(Entries taken from a collection)

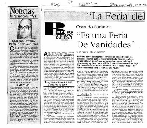 "La feria del libro -- es una feria de vanidades"  [artículo] Pedro Pablo Guerrero.
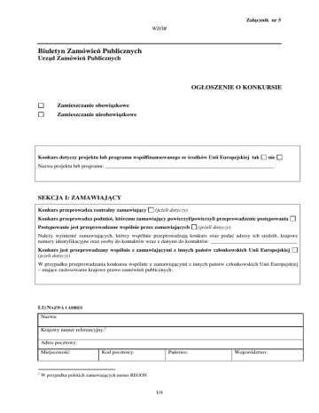 Załącznik nr 5 WZÓR Biuletyn Zamówień Publicznych Urząd Zamówień Publicznych OGŁOSZENIE O KONKURSIE Zamieszczanie obowiązkowe Zamieszczanie nieobowiązkowe Konkurs dotyczy projektu lub programu współfinansowanego ze środków Unii Europejskiej tak nie Nazwa projektu lub programu: _______________________________________________________________ SEKCJA I: ZAMAWIAJĄCY Konkurs przeprowadza centralny zamawiający (jeżeli dotyczy) Konkurs przeprowadza podmiot, któremu zamawiający powierzył/powierzyli przeprowadzenie postępowania Postępowanie jest przeprowadzane wspólnie przez zamawiających (jeżeli dotyczy) Należy wymienić zamawiających, którzy wspólnie przeprowadzają konkurs oraz podać adresy ich siedzib, krajowe numery identyfikacyjne oraz osoby do kontaktów wraz z danymi do kontaktów: ________________________________ Konkurs jest przeprowadzany wspólnie z zamawiającymi z innych państw członkowskich Unii Europejskiej (jeżeli dotyczy) W przypadku przeprowadzania konkursu wspólnie z zamawiającymi z innych państw członkowskich Unii Europejskiej – mające zastosowanie krajowe prawo zamówień publicznych: I.1) NAZWA I ADRES Nazwa: Krajowy numer referencyjny:1 Adres pocztowy: Miejscowość: 1 Kod pocztowy: Państwo: W przypadku polskich zamawiających numer REGON 1/4 Województwo: Tel.: Faks: E-mail: Adres strony internetowej (URL) Adres profilu nabywcy (jeżeli dotyczy): Adres strony internetowej, pod którym można uzyskać dostęp do narzędzi i urządzeń oraz formatów plików, które nie są ogólnie dostępne (jeżeli dotyczy): I.2) RODZAJ ZAMAWIAJĄCEGO Administracja rządowa centralna Administracja rządowa terenowa Administracja samorządowa Jednostka administracji samorządowej Zamawiający udzielający zamówień ze środków publicznych lub finansowych przez określone podmioty o którym mowa w art. 3 ust. 1 pkt 5 ustawy Pzp Zamawiający udzielający zamówień sektorowych Podmiot prawa publicznego Inny (proszę określić): I.3) WSPÓLNE ORGANIZOWANIE KONKURSU (jeżeli dotyczy) Podział obowiązków między zamawiającymi w przypadku wspólnego przeprowadzania konkursu, w tym w przypadku wspólnego przeprowadzania konkursu z zamawiającymi z innych państw członkowskich Unii Europejskiej (który z zamawiających jest odpowiedzialny za przeprowadzenie konkursu, czy i w jakim zakresie za przeprowadzenie konkursu odpowiadają pozostali zamawiający, czy nagroda w konkursie będzie przyznawana przez każdego z zamawiających indywidualnie, czy nagroda zostanie przyznana wspólnie w imieniu zamawiających): I.4) KOMUNIKACJA Nieograniczony, pełny i bezpośredni dostęp do dokumentów konkursowych, w tym regulaminu konkursu, można uzyskać pod adresem (URL): _____________________________________________________________ Dostęp do dokumentów konkursowych jest ograniczony- więcej informacji można znaleźć pod adresem: _____________________________________________________________________________________________ Wnioski o dopuszczenie do udziału w konkursie/Prace konkursowe należy przesyłać: Elektronicznie Pod adres: _________________________________________________________________________ Dopuszczone lub wymagane jest przesłanie wniosków o dopuszczenie do udziału w konkursie/prac konkursowych w inny sposób: ___________________________________________________________ Pod adres2: _________________________________________________________________________ 2 Adres pocztowy, numer faksu 2/4 Komunikacja elektroniczna wymaga korzystania z narzędzi i urządzeń, które nie są ogólnodostępne. Nieograniczony, pełny i bezpośredni dostęp do tych narzędzi można uzyskać pod adresem (URL): ___________________________________________________________________________________ SEKCJA II: PRZEDMIOT KONKURSU II.1) Nazwa nadana konkursowi przez zamawiającego Numer referencyjny (jeżeli dotyczy): II.2) Określenie przedmiotu konkursu: II.3) Główny kod CPV Dodatkowe kody CPV . . . - . . . - 3 SEKCJA III: INFORMACJE O CHARAKTERZE PRAWNYM, EKONOMICZNYM, FINANSOWYM I TECHNICZNYM WARUNKI UDZIAŁU Wymagania, jakie muszą spełniać uczestnicy konkursu:4 __________________________________________ Czy udział w konkursie jest zastrzeżony dla wykonawcy posiadającego uprawnienia do prowadzenia określonej działalności zawodowej: tak nie Należy podać dla jakiego zawodu: _________________________________________________________ SEKCJA IV: PROCEDURA IV.1) KRYTERIA OCENY PRAC KONKURSOWYCH 3 Zastosować tyle razy, ile jest to potrzebne Jeżeli nagrodą w konkursie jest zaproszenie do negocjacji w trybie negocjacji bez ogłoszenia co najmniej dwóch autorów wybranych prac konkursowych lub zaproszenie do negocjacji w trybie zamówienia z wolnej ręki autora wybranej pracy konkursowej, przepis art. 22 ustawy stosuje się odpowiednio. 4 3/4 Znaczenie Kryteria 1. 2. 3. 4. 5. IV.2) INFORMACJE ADMINISTRACYJNE IV.2.1 Termin i adres składania wniosków o dopuszczenie do udziału w konkursie/prac konkursowych: / / (dd/mm/rrrr) Godzina: _____________ Data: Adres, na który należy przesyłać wnioski o dopuszczenie do udziału w konkursie/prace konkursowe: ________________ Język lub języki, w jakich mogą być sporządzane wnioski o dopuszczenie do udziału w konkursie lub prace konkursowe: _______________________________________________________________________________________________ IV.2.2 Informacje dodatkowe: _____________________________________________________________________ IV.3) NAGRODY Rodzaj, liczba i wysokość nagród: __________________________________________________________________ Zamawiający przewiduje udzielenie zamówienia po konkursie: tak Zamówienie zostanie udzielone: zwycięscy konkursu: tak nie nie Zamówienie zostanie udzielone po przeprowadzeniu procedury konkurencyjnej pomiędzy wykonawcami, którzy złożyli najlepsze prace konkursowe: tak nie Informacje dodatkowe: ________________________________________________________________________
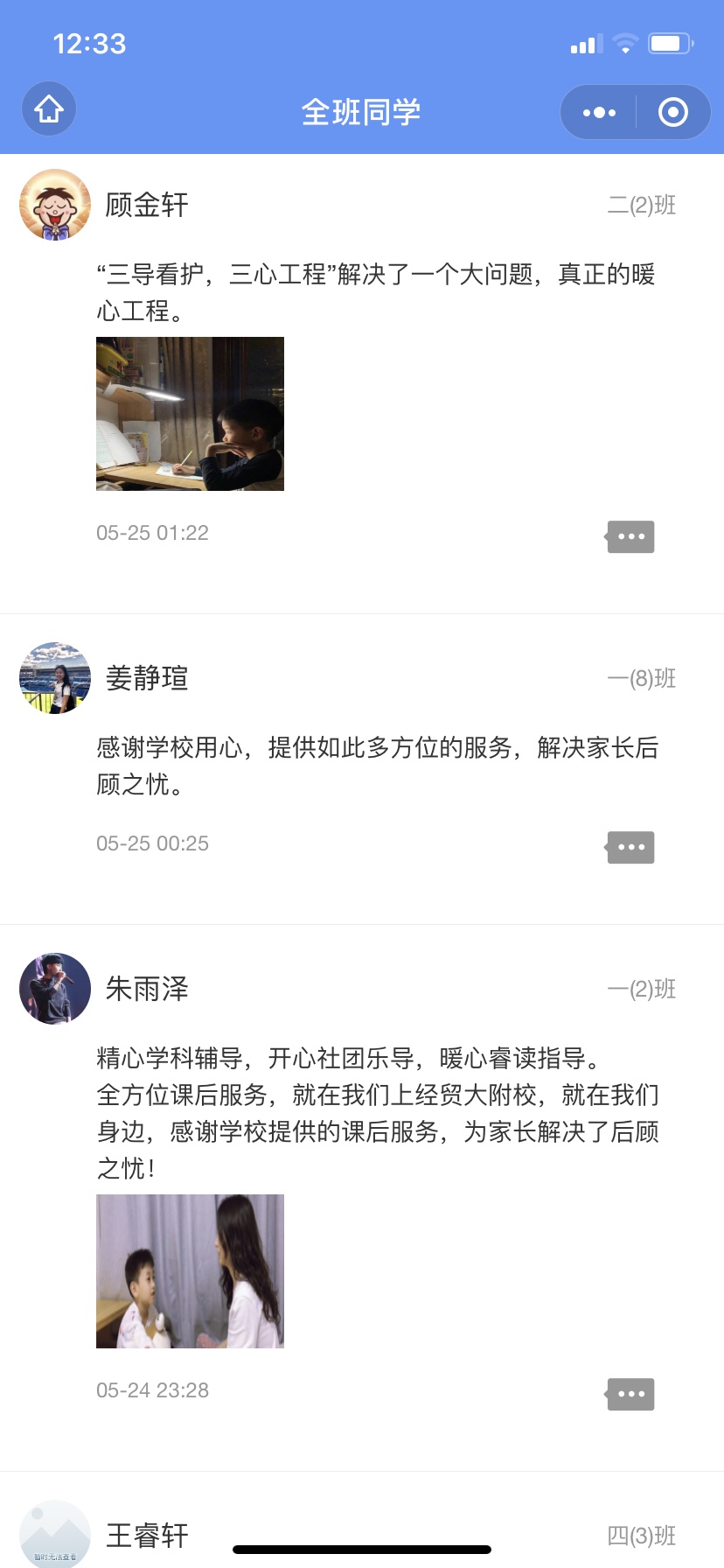 上经贸大附校的课后服务分为三个时段:班级看护、年级看护和校级看护,照顾到了家长们不同时间段接送孩子的需求;课后服务的形式丰富,内容多样,包括作业辅导、各类社团活动、阅读指导等。
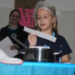 Para finalizar o preparo da receita, a professora falou algumas palavras mágicas transformando essa receita em cupcakes.
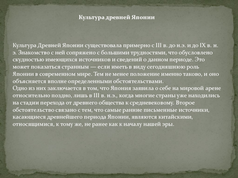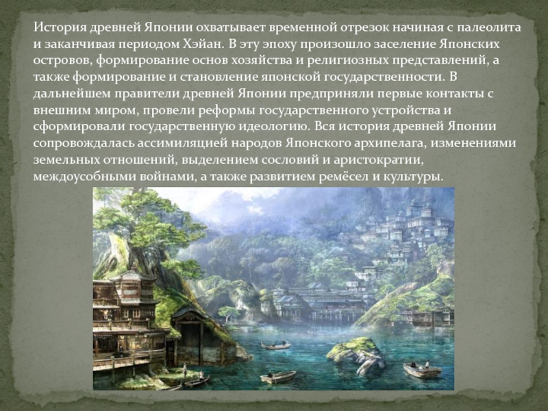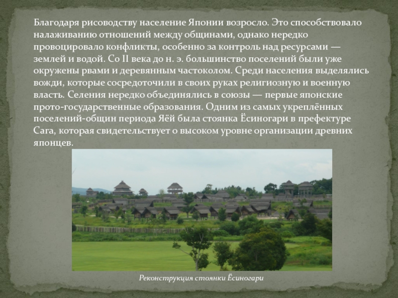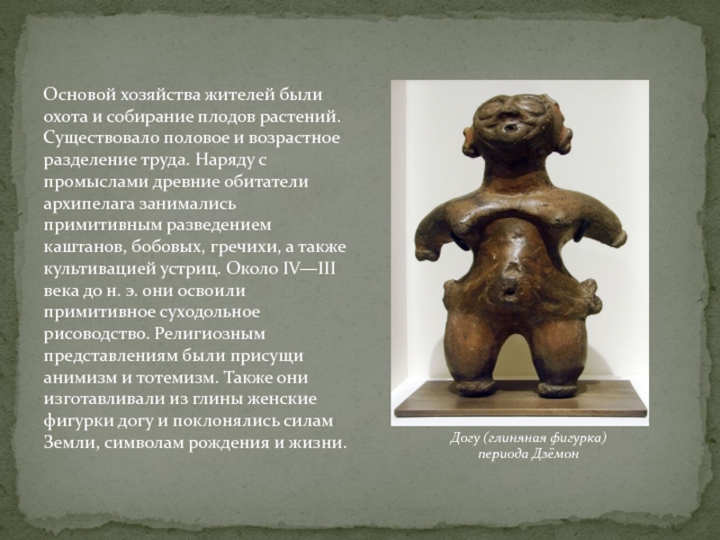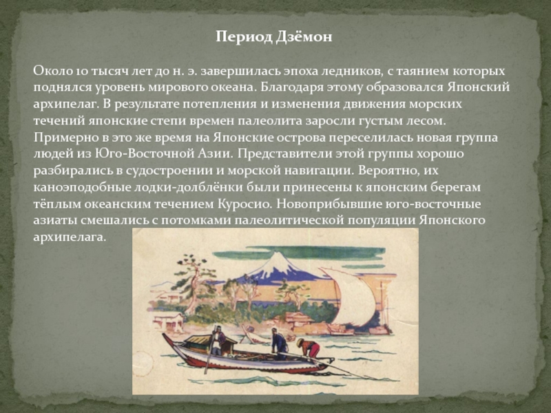 Среди поселений той эпохи выделяется стоянка Саннай-Маруяма в современной префектуре Аомори, датируемая V веком до н. э. и содержащая остатки большого посёлка на 100—200 человек.
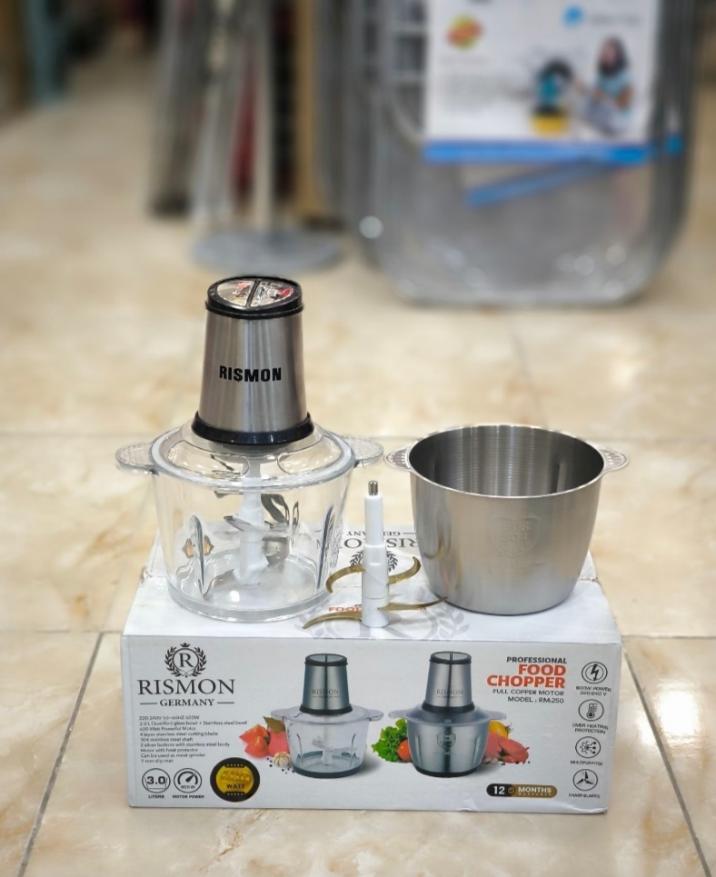 قدرت موتور600وات سیم پیچ تمام مسحجم ظرف۳لیتر هر کدام (2کاسه استیل و شیشه )جنس تیغهاستیل ضد زنگگارانتی12ماهه بسیار معتبر شرکت ریسمونتنظیمات سرعت۲سرعته
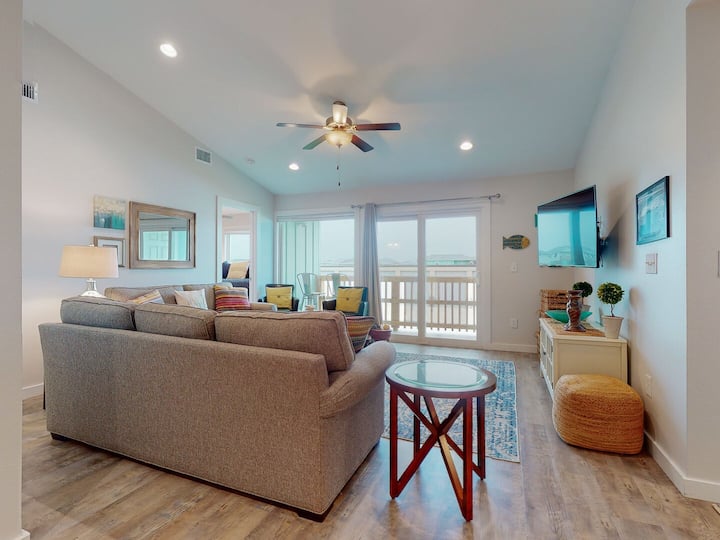 Aransas Harbors E218 is a beautiful two bedroom, one bath condo located only five minutes from the beach and across from the shared pool and charcoal grills.

**Problem to solve**
The entries above are to be copied exactly, with every picture left out.

**Finished exercise**
 "La feria del libro -- es una feria de vanidades"  [artículo] Pedro Pablo Guerrero.
 Załącznik nr 5 WZÓR Biuletyn Zamówień Publicznych Urząd Zamówień Publicznych OGŁOSZENIE O KONKURSIE Zamieszczanie obowiązkowe Zamieszczanie nieobowiązkowe Konkurs dotyczy projektu lub programu współfinansowanego ze środków Unii Europejskiej tak nie Nazwa projektu lub programu: _______________________________________________________________ SEKCJA I: ZAMAWIAJĄCY Konkurs przeprowadza centralny zamawiający (jeżeli dotyczy) Konkurs przeprowadza podmiot, któremu zamawiający powierzył/powierzyli przeprowadzenie postępowania Postępowanie jest przeprowadzane wspólnie przez zamawiających (jeżeli dotyczy) Należy wymienić zamawiających, którzy wspólnie przeprowadzają konkurs oraz podać adresy ich siedzib, krajowe numery identyfikacyjne oraz osoby do kontaktów wraz z danymi do kontaktów: ________________________________ Konkurs jest przeprowadzany wspólnie z zamawiającymi z innych państw członkowskich Unii Europejskiej (jeżeli dotyczy) W przypadku przeprowadzania konkursu wspólnie z zamawiającymi z innych państw członkowskich Unii Europejskiej – mające zastosowanie krajowe prawo zamówień publicznych: I.1) NAZWA I ADRES Nazwa: Krajowy numer referencyjny:1 Adres pocztowy: Miejscowość: 1 Kod pocztowy: Państwo: W przypadku polskich zamawiających numer REGON 1/4 Województwo: Tel.: Faks: E-mail: Adres strony internetowej (URL) Adres profilu nabywcy (jeżeli dotyczy): Adres strony internetowej, pod którym można uzyskać dostęp do narzędzi i urządzeń oraz formatów plików, które nie są ogólnie dostępne (jeżeli dotyczy): I.2) RODZAJ ZAMAWIAJĄCEGO Administracja rządowa centralna Administracja rządowa terenowa Administracja samorządowa Jednostka administracji samorządowej Zamawiający udzielający zamówień ze środków publicznych lub finansowych przez określone podmioty o którym mowa w art. 3 ust. 1 pkt 5 ustawy Pzp Zamawiający udzielający zamówień sektorowych Podmiot prawa publicznego Inny (proszę określić): I.3) WSPÓLNE ORGANIZOWANIE KONKURSU (jeżeli dotyczy) Podział obowiązków między zamawiającymi w przypadku wspólnego przeprowadzania konkursu, w tym w przypadku wspólnego przeprowadzania konkursu z zamawiającymi z innych państw członkowskich Unii Europejskiej (który z zamawiających jest odpowiedzialny za przeprowadzenie konkursu, czy i w jakim zakresie za przeprowadzenie konkursu odpowiadają pozostali zamawiający, czy nagroda w konkursie będzie przyznawana przez każdego z zamawiających indywidualnie, czy nagroda zostanie przyznana wspólnie w imieniu zamawiających): I.4) KOMUNIKACJA Nieograniczony, pełny i bezpośredni dostęp do dokumentów konkursowych, w tym regulaminu konkursu, można uzyskać pod adresem (URL): _____________________________________________________________ Dostęp do dokumentów konkursowych jest ograniczony- więcej informacji można znaleźć pod adresem: _____________________________________________________________________________________________ Wnioski o dopuszczenie do udziału w konkursie/Prace konkursowe należy przesyłać: Elektronicznie Pod adres: _________________________________________________________________________ Dopuszczone lub wymagane jest przesłanie wniosków o dopuszczenie do udziału w konkursie/prac konkursowych w inny sposób: ___________________________________________________________ Pod adres2: _________________________________________________________________________ 2 Adres pocztowy, numer faksu 2/4 Komunikacja elektroniczna wymaga korzystania z narzędzi i urządzeń, które nie są ogólnodostępne. Nieograniczony, pełny i bezpośredni dostęp do tych narzędzi można uzyskać pod adresem (URL): ___________________________________________________________________________________ SEKCJA II: PRZEDMIOT KONKURSU II.1) Nazwa nadana konkursowi przez zamawiającego Numer referencyjny (jeżeli dotyczy): II.2) Określenie przedmiotu konkursu: II.3) Główny kod CPV Dodatkowe kody CPV . . . - . . . - 3 SEKCJA III: INFORMACJE O CHARAKTERZE PRAWNYM, EKONOMICZNYM, FINANSOWYM I TECHNICZNYM WARUNKI UDZIAŁU Wymagania, jakie muszą spełniać uczestnicy konkursu:4 __________________________________________ Czy udział w konkursie jest zastrzeżony dla wykonawcy posiadającego uprawnienia do prowadzenia określonej działalności zawodowej: tak nie Należy podać dla jakiego zawodu: _________________________________________________________ SEKCJA IV: PROCEDURA IV.1) KRYTERIA OCENY PRAC KONKURSOWYCH 3 Zastosować tyle razy, ile jest to potrzebne Jeżeli nagrodą w konkursie jest zaproszenie do negocjacji w trybie negocjacji bez ogłoszenia co najmniej dwóch autorów wybranych prac konkursowych lub zaproszenie do negocjacji w trybie zamówienia z wolnej ręki autora wybranej pracy konkursowej, przepis art. 22 ustawy stosuje się odpowiednio. 4 3/4 Znaczenie Kryteria 1. 2. 3. 4. 5. IV.2) INFORMACJE ADMINISTRACYJNE IV.2.1 Termin i adres składania wniosków o dopuszczenie do udziału w konkursie/prac konkursowych: / / (dd/mm/rrrr) Godzina: _____________ Data: Adres, na który należy przesyłać wnioski o dopuszczenie do udziału w konkursie/prace konkursowe: ________________ Język lub języki, w jakich mogą być sporządzane wnioski o dopuszczenie do udziału w konkursie lub prace konkursowe: _______________________________________________________________________________________________ IV.2.2 Informacje dodatkowe: _____________________________________________________________________ IV.3) NAGRODY Rodzaj, liczba i wysokość nagród: __________________________________________________________________ Zamawiający przewiduje udzielenie zamówienia po konkursie: tak Zamówienie zostanie udzielone: zwycięscy konkursu: tak nie nie Zamówienie zostanie udzielone po przeprowadzeniu procedury konkurencyjnej pomiędzy wykonawcami, którzy złożyli najlepsze prace konkursowe: tak nie Informacje dodatkowe: ________________________________________________________________________
 上经贸大附校的课后服务分为三个时段:班级看护、年级看护和校级看护,照顾到了家长们不同时间段接送孩子的需求;课后服务的形式丰富,内容多样,包括作业辅导、各类社团活动、阅读指导等。
 Para finalizar o preparo da receita, a professora falou algumas palavras mágicas transformando essa receita em cupcakes.
 Среди поселений той эпохи выделяется стоянка Саннай-Маруяма в современной префектуре Аомори, датируемая V веком до н. э. и содержащая остатки большого посёлка на 100—200 человек.
 قدرت موتور600وات سیم پیچ تمام مسحجم ظرف۳لیتر هر کدام (2کاسه استیل و شیشه )جنس تیغهاستیل ضد زنگگارانتی12ماهه بسیار معتبر شرکت ریسمونتنظیمات سرعت۲سرعته
 Aransas Harbors E218 is a beautiful two bedroom, one bath condo located only five minutes from the beach and across from the shared pool and charcoal grills.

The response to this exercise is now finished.